Single by Melissa Etheridge

from the album Your Little Secret
- B-side: "I'm the Only One"
- Released: January 1996
- Length: 5:25
- Label: Island
- Songwriter: Melissa Etheridge
- Producers: Melissa Etheridge; Hugh Padgham;

Melissa Etheridge singles chronology
| "Your Little Secret" (1995) | "I Want to Come Over" (1996) | "Nowhere to Go" (1996) |

= I Want to Come Over =

1996 single by Melissa Etheridge

"I Want to Come Over" is a song by American singer-songwriter Melissa Etheridge, released in late January 1996 by Island Records as the second single from her fifth studio album, Your Little Secret (1995). The song was a commercial success, reaching number 22 on the US Billboard Hot 100 and number 29 in both Australia and New Zealand.

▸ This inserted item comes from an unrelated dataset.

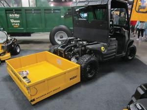 The bed on this new utility vehicle doesn’t just carry a load - it lifts and lowers it flat to the ground. And it can dump the load at any point along its arc of motion.
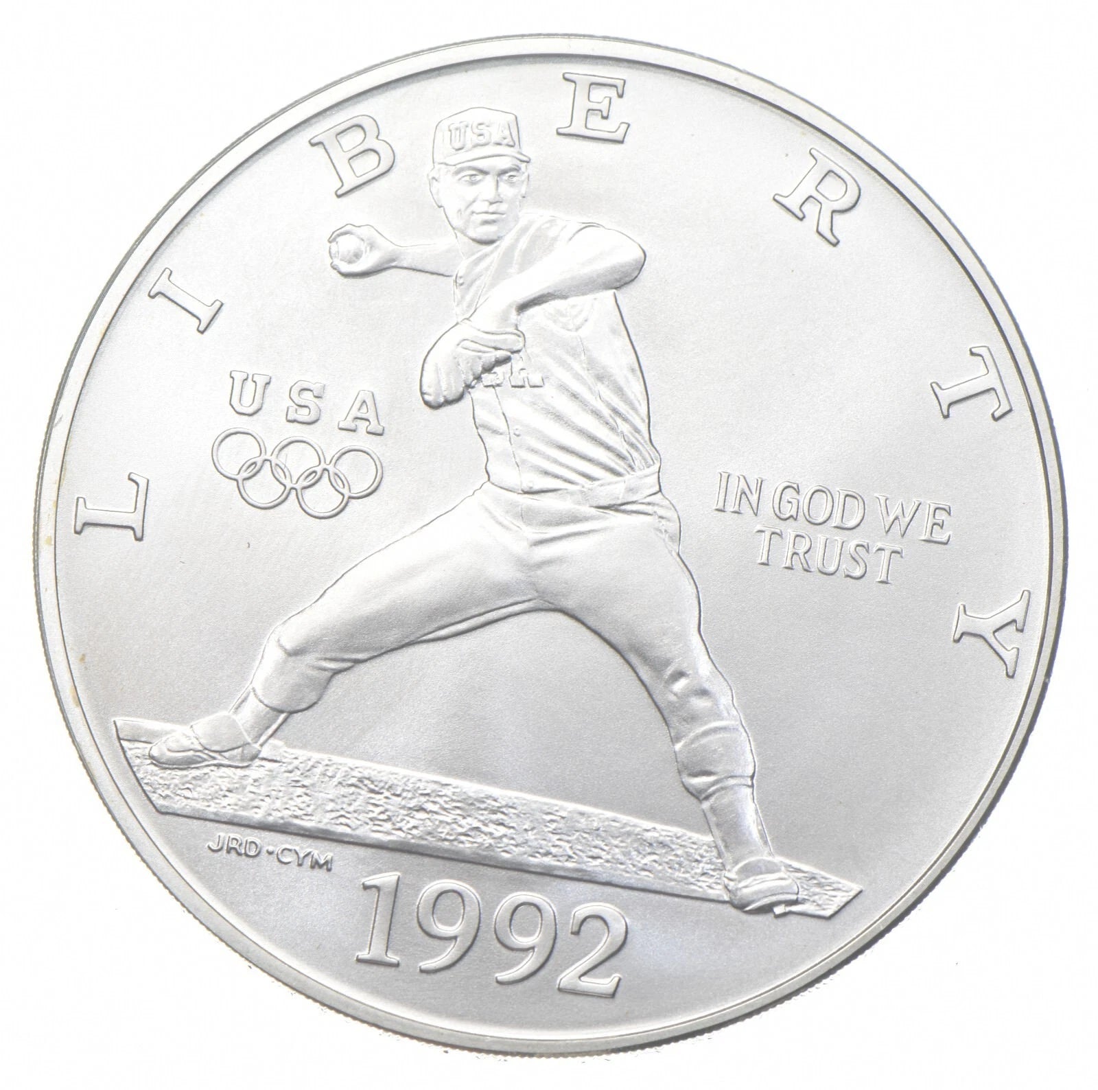 This listing is for a 1992 D UNC Commemorative SILVER Dollar U.S. Olympic Baseball Coin Uncirculated With Box and Certificate of Authenticity

It also reached number one on the Canadian RPM 100 Hit Tracks chart in March 1996. At the end of the year, the song appeared on the American and Canadian year-end charts at numbers 79 and 11, respectively. The accompanying music video was directed by Pam Thomas and features Gwyneth Paltrow.

==Reaction==
===Critical reception===
Larry Flick from Billboard magazine felt that the song "should ignite across-the-board radio interest, much in the same way as the mega 'Come to My Window' did." He added, "Tortured romance is what Etheridge does best, and she offers up a heaping dose of sexually charged tension and yearning—topped with just enough philosophical focus to drive the song to its necessary climax. Rockers will dig the now-familiar blend of Etheridge's growl and the clang of guitars, while popsters will find the hook too tasty for words."

===Accolades===

| Year | Award | Category | Result | Ref. |
|---|---|---|---|---|
| 1997 | ASCAP Pop Music Award | Most Performed Songs | Won |  |

==Music video==
The music video for "I Want to Come Over", directed by Pam Thomas, was shot on-location at an old hotel in Los Angeles, California. Actress Gwyneth Paltrow stars in the video. In the clip, Paltrow drives to her lover's apartment, sits outside in her car and breaks down, before collecting herself and going inside the apartment building. The video is interspersed with scenes of Etheridge performing in the hotel's lobby.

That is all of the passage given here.